Since I’m involved with endurance sports, I’ve had quite a few people ask for my thoughts on the whole Lance Armstrong debacle. Here they are:
One of my favorite sources of inspiration, former UCLA basketball coach John Wooden, said, “Be more concerned with your character than your reputation, because your character is what you really are, while your reputation is merely what others think you are.”
This perfectly sums up my feelings on the Lance Armstrong interview that aired yesterday and will air again today. I understand the facts–he cheated. I get it. But there are cheaters in every profession–from cyclist to stock trader. To argue otherwise would be naive.
Does this interview change my view of Lance? Heck…one could even throw Manti Te’o and Tiger Woods into this conversation, too. We the public put these people onto pedestals.
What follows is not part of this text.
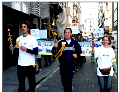
比利时国会议员伍特·德·弗兰德（中）亲自担任圣火传递大使

We have an awful lot to say about them, but what does this say about us?
Why do we feel the need to label and judge? I grew up believing that sport existed to teach the participants about life. Playing sports taught me hard work pays dividends. Team sport taught me the joy of working with others towards a common goal. Working through the ups and downs of training and racing has taught me the importance of believing in myself. Racing competitors from all around the world has taught me worrying too much about the opponent and not enough about oneself–you can be certain you’ll lose.
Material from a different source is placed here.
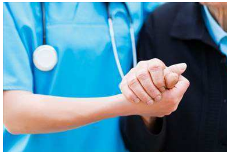
Alzheimer anziani assistenza

Si terrà a Molfetta (Fabbrica San Domenico) il 18 e 19 settembre, il corso di aggiornamento "Malattie Neurodegenerative: approccio integrato nel territorio". L'evento organizzato dall'associazione Alzheimer e Malattie Neurodegenerative Molfetta Onlus con il patrocinio del Comune di Molfetta, dell'Asm e con il contributo di Fb Health, Geofarma, .itfarm, Jeannot, Network Contacts, Lions Club Molfetta; rientra nel programma delle attività della XXII giornata Mondiale dell'Alzheimer.

I compete today as a professional triathlete for these same reasons. I love competing. I think it makes me a better person. I get to know myself a little bit better every time I push my physical and mental limits in a race. This thirst for improvement gets me out of bed in the morning–albeit sometimes with a lot of reluctance on the “getting out of bed” part 🙂
I know who I am. I compete clean and I compete with integrity. This is not because I don’t care about winning–there are few things I hate more than losing. In fact, the only person I know who hates losing more than I do is my brother, John 🙂 (Sorry, bro, I had to do it.)
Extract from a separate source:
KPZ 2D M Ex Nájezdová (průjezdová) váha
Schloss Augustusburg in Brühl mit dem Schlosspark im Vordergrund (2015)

The ribbons fade and the trophies rust. The true value of sport is in the pursuit. It is about the chase–the challenge–the chase for glory and the challenge to improve oneself. It is this pursuit which defines the individual. Champions look in the mirror and know the work is never finished. Maybe it is time for us to start worrying less about others’ reputations and to start worrying more about one’s own character.
But then again… Oprah might get lonely.